Residents of a tiny hamlet on the Beaufort Sea are hoping for a pod of beluga whales to escape slowly freezing Arctic lakes, even though the whales would supply many families with a winter's worth of meat and blubber.
/ Source: The Associated Press

Residents of an Arctic hamlet on the Beaufort Sea in Canada are hoping a pod of beluga whales will be able to escape slowly freezing lakes, even though the whales would supply many families with a winter's worth of meat and blubber.

"It's a big concern for the people of the community," said Tuktoyaktuk Mayor Jackie Jacobson. "We just hope they can get all out."

About 200 beluga whales were spotted in early August by hunters in the nearby Husky Lakes area, a string of saltwater inlets linked to the ocean through a wide channel.

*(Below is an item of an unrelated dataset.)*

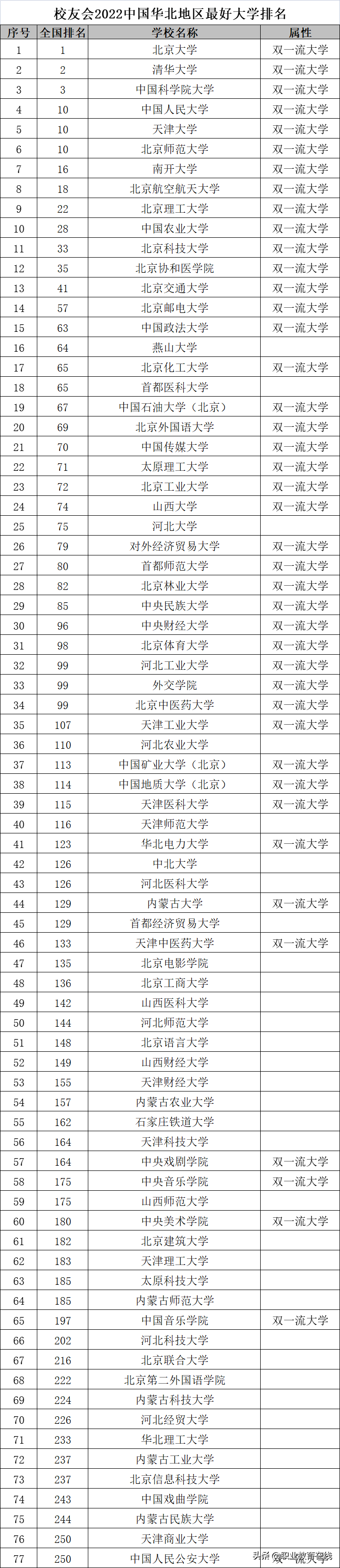 我们分别来看看华北地区的高等院校排名情况:

A fly over late last week suggested there were about 80 whales left in the lakes. But the channel is slowly freezing over, which would trap the white mammals.

If that happens, hunters would kill the whales before the lake itself freezes over, said Paul Voudrach, head of the Tuktoyaktuk hunters committee and representative for the territorial government's Environment Department. "This is a natural occurrence and this will happen."

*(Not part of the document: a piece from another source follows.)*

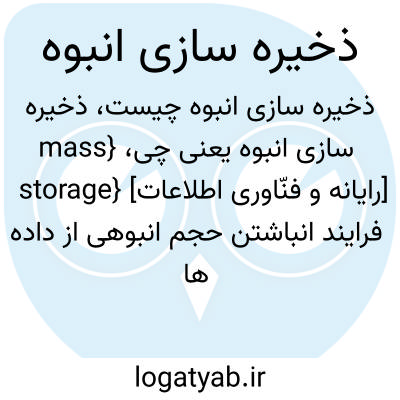 {mass storage} [رایانه و فنّاوری اطلاعات] فرایند انباشتن حجم انبوهی از داده ها و اطلاعات در حافظه یا هر ذخیره ساز دیگر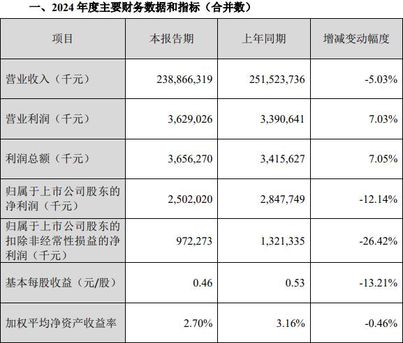 中国经济网北京2月21日讯 金龙鱼(300999.SZ)19日晚披露2024年度业绩快报,报告期内,公司实现营业收入2,388.66亿元,同比下降5.03%;利润总额36.56亿元,同比增长7.05%;归属于上市公司股东的净利润25.02亿元,同比下降12.14%;归属于上市公司股东的扣除非经常性损益的净利润9.72亿元,同比下降26.42%。

Beluga whales grow to be about 15 feet long on average, weighing up to about 3,300 pounds. Males are slightly larger than females.

Each beluga could provide enough meat and muktuk — skin and blubber usually served raw — to last a couple of large families through the winter, Voudrach said.

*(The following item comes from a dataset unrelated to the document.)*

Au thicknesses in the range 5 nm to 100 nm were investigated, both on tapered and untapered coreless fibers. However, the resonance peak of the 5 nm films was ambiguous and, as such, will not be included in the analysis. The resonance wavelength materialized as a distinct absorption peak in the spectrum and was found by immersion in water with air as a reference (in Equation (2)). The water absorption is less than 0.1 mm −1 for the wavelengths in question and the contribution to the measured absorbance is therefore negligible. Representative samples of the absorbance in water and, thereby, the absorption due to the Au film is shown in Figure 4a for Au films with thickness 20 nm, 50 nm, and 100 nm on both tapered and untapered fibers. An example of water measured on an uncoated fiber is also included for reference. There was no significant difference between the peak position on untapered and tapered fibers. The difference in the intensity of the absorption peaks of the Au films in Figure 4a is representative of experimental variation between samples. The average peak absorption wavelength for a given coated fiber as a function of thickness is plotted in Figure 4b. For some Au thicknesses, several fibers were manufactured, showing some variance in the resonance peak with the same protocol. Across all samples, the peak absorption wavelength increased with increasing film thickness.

But nobody really wants that to happen, said Jacobson. Anybody who wants whale meat or muktuk probably already has some after the July whale-hunting season.

The prospect of watching the whales slowly forced into tighter and tighter breathing holes as the ice covers the lake pleases nobody.

"If they get frozen in, they're going to be in one hole, popping up and down and taking turns (breathing)," Jacobson said. "That's not right, seeing the whales suffer like that."

Ice conditions in Husky Lakes right now are too dangerous for either hunting or herding the animals out to sea using boats, said Voudrach.

And time is running short. The channel is expected to freeze over by early November.

If any whales do not make it, hunters from Tuktoyaktuk and Inuvik will wait until the ice is safe, then cluster around the breathing hole. The beasts will be harpooned, shot and butchered, and the meat distributed to the Northwest Territories' six communities.